#### [Task goal]
Every line of the listing should be retyped exactly, but none of the pictures should be.

#### [Provided data]

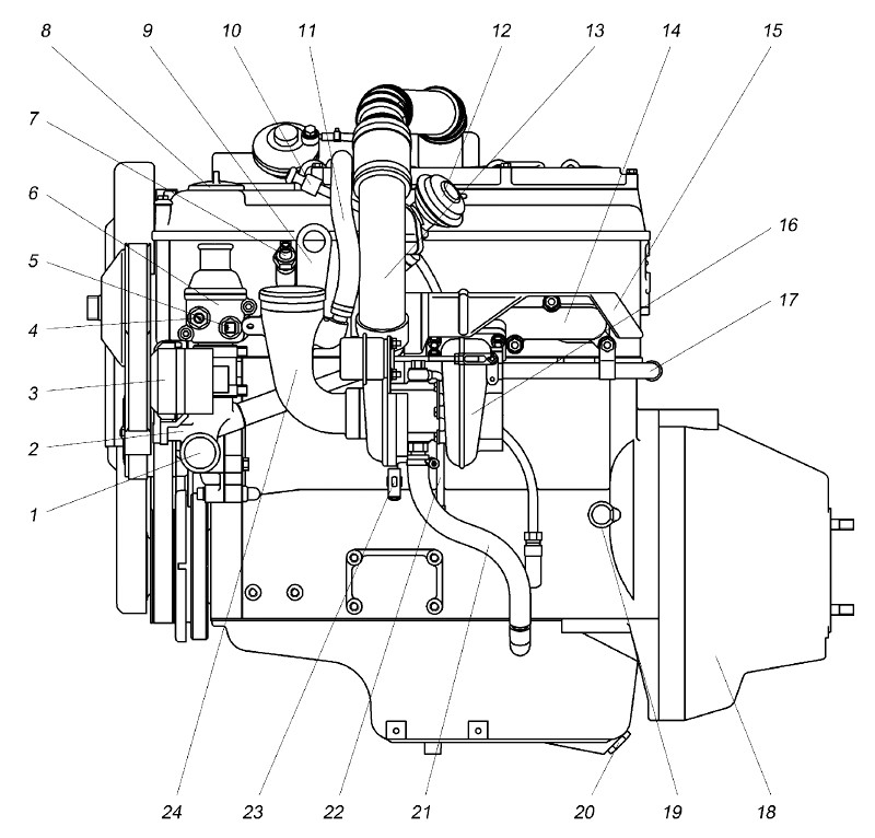 Левая сторона двигателя: 1 – патрубок водяного насоса подвода ОЖ от радиатора; 2 – водяной насос; 3 – насос гидроусилителя рулевого управления (ГУР); 4 – датчик температуры охлаждающей жидкости (системы управления); 5 – датчик указателя температуры ОЖ; 6 – корпус термостата; 7 – датчик сигнализатора аварийного давления масла; 8 – крышка маслозаливной горловины; 9 – передний кронштейн подъема двигателя; 10 – рукоятка указателя уровня масла; 11 – шланг вентиляции; 12 – клапан рециркуляции; 13 – выпускной патрубок турбокомпрессора; 14 – выпускной коллектор; 15 – теплоизоляционный экран; 16 – турбокомпрессор; 17 – трубка отопителя; 18 – картер сцепления; 19 – заглушка отверстия под установочный штифт коленчатого вала; 20 – пробка сливного отверстия масляного картера; 21 – шланг слива масла из турбокомпрессора; 22 – трубка нагнетательная масла к турбокомпрессору; 23 – краник слива ОЖ; 24 – впускной патрубок турбокомпрессора.
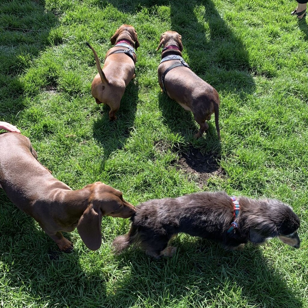 最初は少人数の集まりでしたが同じ犬種、特にダックスフンドは狩猟犬なので群れをなして走ったり遊んだりするのが大好きなので、公園を30分ほどお散歩して、最後は広場で遊んだり飼い主たちが交流する楽しい会合で犬を介してお友達も出来ました。
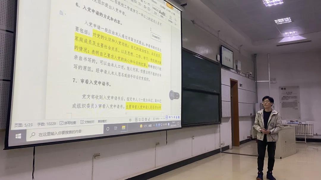 第二党支部组织委员孙帅明参照《外围买球的app十大平台发展党员工作规程(2019年5月)》,详细讲解了入党申请书的撰写、入党积极分子的确定和培养教育、发展对象的确定和考察、预备党员的接收、教育、考察和转正四部分的工作内容与时间节点,并重点强调了入党申请书的书写格式。
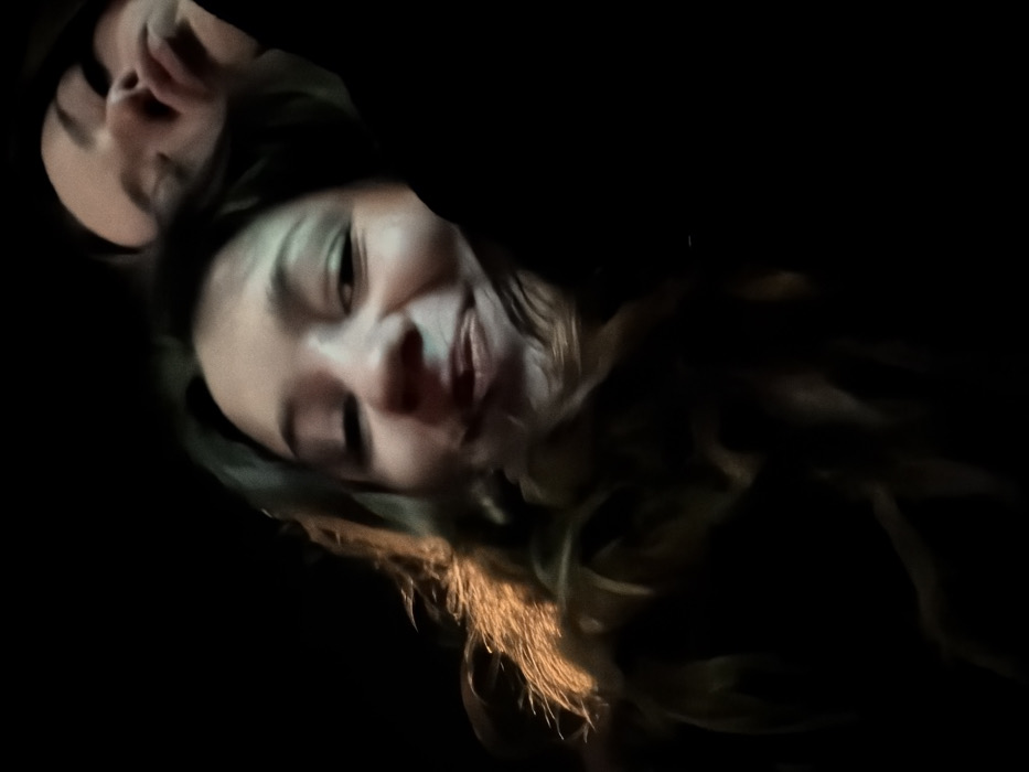 A photograph in low light features two faces. The primary face, angled, has light skin, brown hair, and a slight smile. The features are somewhat blurred. A second face, smaller and darker, is located in the upper left corner. The background is entirely black. Light glints off the ends of the primary figure’s hair. The overall impression is one of motion or a distorted perspective.

#### [Your solution]
 Левая сторона двигателя: 1 – патрубок водяного насоса подвода ОЖ от радиатора; 2 – водяной насос; 3 – насос гидроусилителя рулевого управления (ГУР); 4 – датчик температуры охлаждающей жидкости (системы управления); 5 – датчик указателя температуры ОЖ; 6 – корпус термостата; 7 – датчик сигнализатора аварийного давления масла; 8 – крышка маслозаливной горловины; 9 – передний кронштейн подъема двигателя; 10 – рукоятка указателя уровня масла; 11 – шланг вентиляции; 12 – клапан рециркуляции; 13 – выпускной патрубок турбокомпрессора; 14 – выпускной коллектор; 15 – теплоизоляционный экран; 16 – турбокомпрессор; 17 – трубка отопителя; 18 – картер сцепления; 19 – заглушка отверстия под установочный штифт коленчатого вала; 20 – пробка сливного отверстия масляного картера; 21 – шланг слива масла из турбокомпрессора; 22 – трубка нагнетательная масла к турбокомпрессору; 23 – краник слива ОЖ; 24 – впускной патрубок турбокомпрессора.
 最初は少人数の集まりでしたが同じ犬種、特にダックスフンドは狩猟犬なので群れをなして走ったり遊んだりするのが大好きなので、公園を30分ほどお散歩して、最後は広場で遊んだり飼い主たちが交流する楽しい会合で犬を介してお友達も出来ました。
 第二党支部组织委员孙帅明参照《外围买球的app十大平台发展党员工作规程(2019年5月)》,详细讲解了入党申请书的撰写、入党积极分子的确定和培养教育、发展对象的确定和考察、预备党员的接收、教育、考察和转正四部分的工作内容与时间节点,并重点强调了入党申请书的书写格式。
 A photograph in low light features two faces. The primary face, angled, has light skin, brown hair, and a slight smile. The features are somewhat blurred. A second face, smaller and darker, is located in the upper left corner. The background is entirely black. Light glints off the ends of the primary figure’s hair. The overall impression is one of motion or a distorted perspective.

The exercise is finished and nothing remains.